* Input data
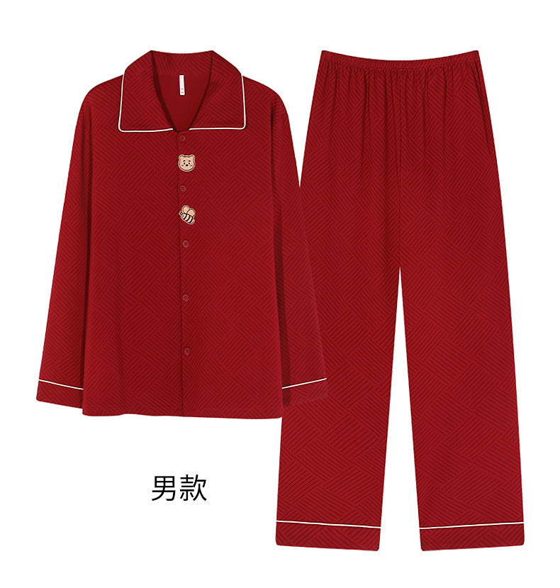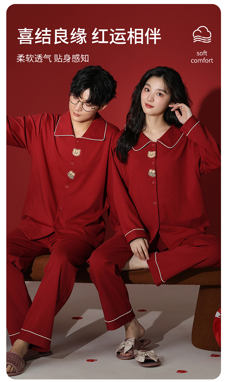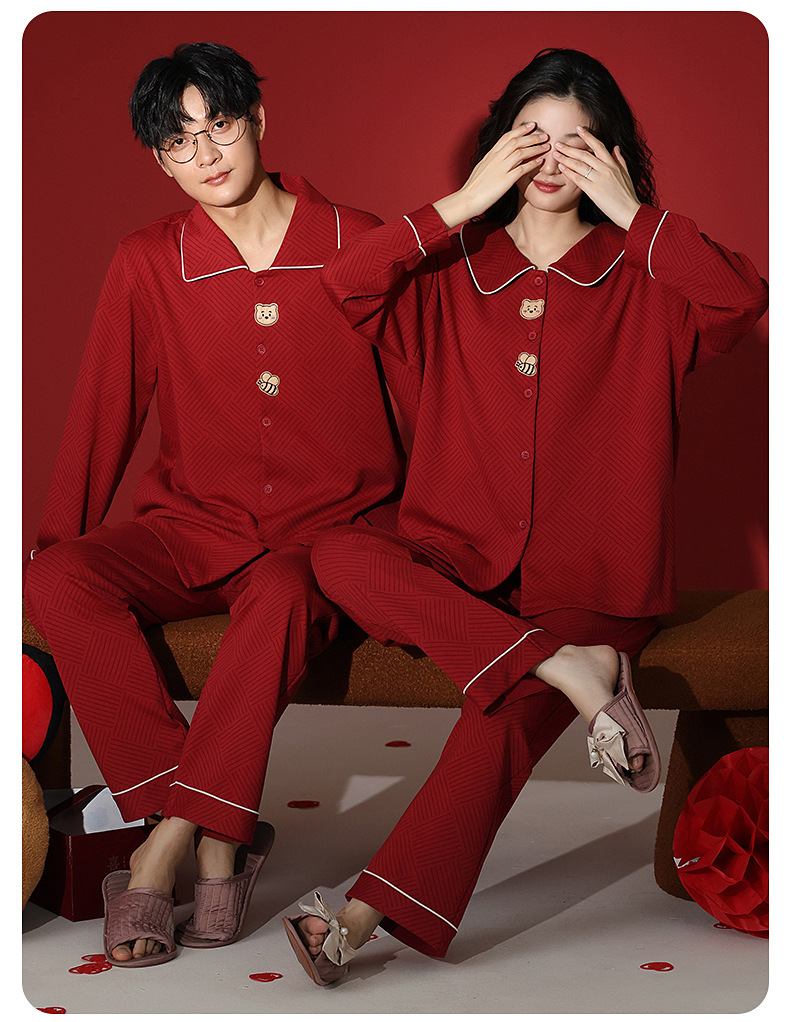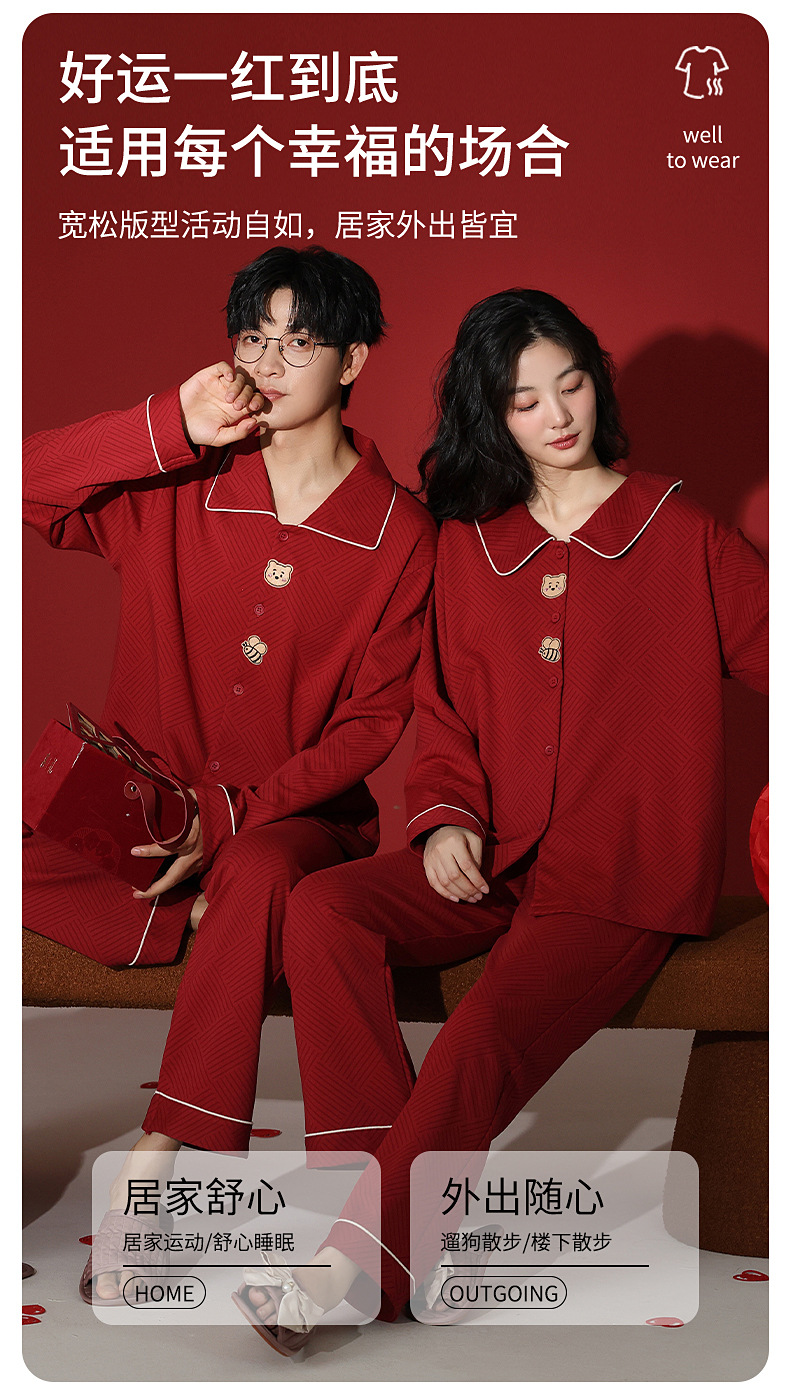 [순면] 커플 잠옷 여성 봄, 가을, 겨울 신혼 동물 년 2025 새로운 홈웨어 긴 소매 레드
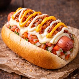 Salsicha, mussarela, bacon, catupiry, cheddar, vinagrete, molho e maionese caseira.
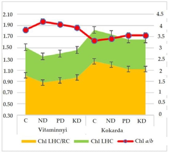 Elements of the photosynthetic apparatus of lettuce cvs. ‘Vitaminnyi’ and ‘Kokarda’ depending on the content of macronutrients in the nutrient solution. Control is the complete Knop’s nutrient solution with trace elements. ND, PD, and KD are the Knop’s nutrient solution with a reduced content of nitrogen, phosphorus, and potassium. Chl LHC/RC and Chl LHC are located on the main axis, Chl a/b on the auxiliary one. The standard errors of mean trait values (±SEM) are given.
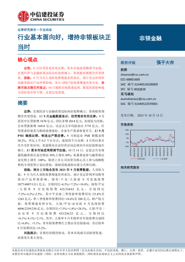 【中信建投证券】【20231015】非银金融行业动态:行业基本面向好,增持非银板块正当时-25页
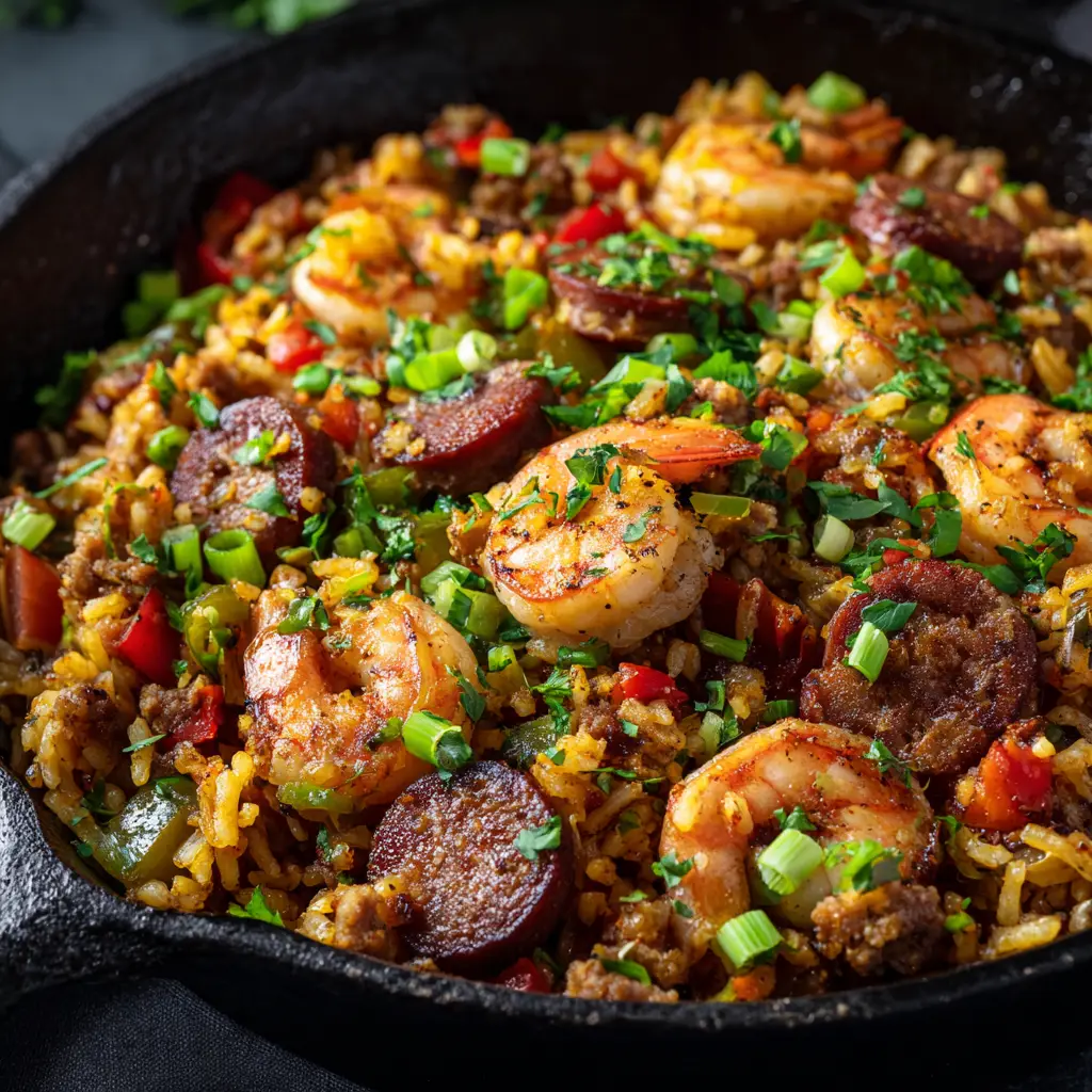 Uncover the skillet and gently fluff the rice with a fork. Add the peeled and deveined shrimp and the cooked sausage back into the pot. Stir to combine, then cover the skillet again and let it cook for another 5-7 minutes, or until the shrimp are pink, opaque, and cooked through. Garnish with chopped green onions and fresh parsley before serving.

* What you have to do
Repeat the entries above exactly as written, but not their pictures.

* Answer box
 [순면] 커플 잠옷 여성 봄, 가을, 겨울 신혼 동물 년 2025 새로운 홈웨어 긴 소매 레드
 Salsicha, mussarela, bacon, catupiry, cheddar, vinagrete, molho e maionese caseira.
 Elements of the photosynthetic apparatus of lettuce cvs. ‘Vitaminnyi’ and ‘Kokarda’ depending on the content of macronutrients in the nutrient solution. Control is the complete Knop’s nutrient solution with trace elements. ND, PD, and KD are the Knop’s nutrient solution with a reduced content of nitrogen, phosphorus, and potassium. Chl LHC/RC and Chl LHC are located on the main axis, Chl a/b on the auxiliary one. The standard errors of mean trait values (±SEM) are given.
 【中信建投证券】【20231015】非银金融行业动态:行业基本面向好,增持非银板块正当时-25页
 Uncover the skillet and gently fluff the rice with a fork. Add the peeled and deveined shrimp and the cooked sausage back into the pot. Stir to combine, then cover the skillet again and let it cook for another 5-7 minutes, or until the shrimp are pink, opaque, and cooked through. Garnish with chopped green onions and fresh parsley before serving.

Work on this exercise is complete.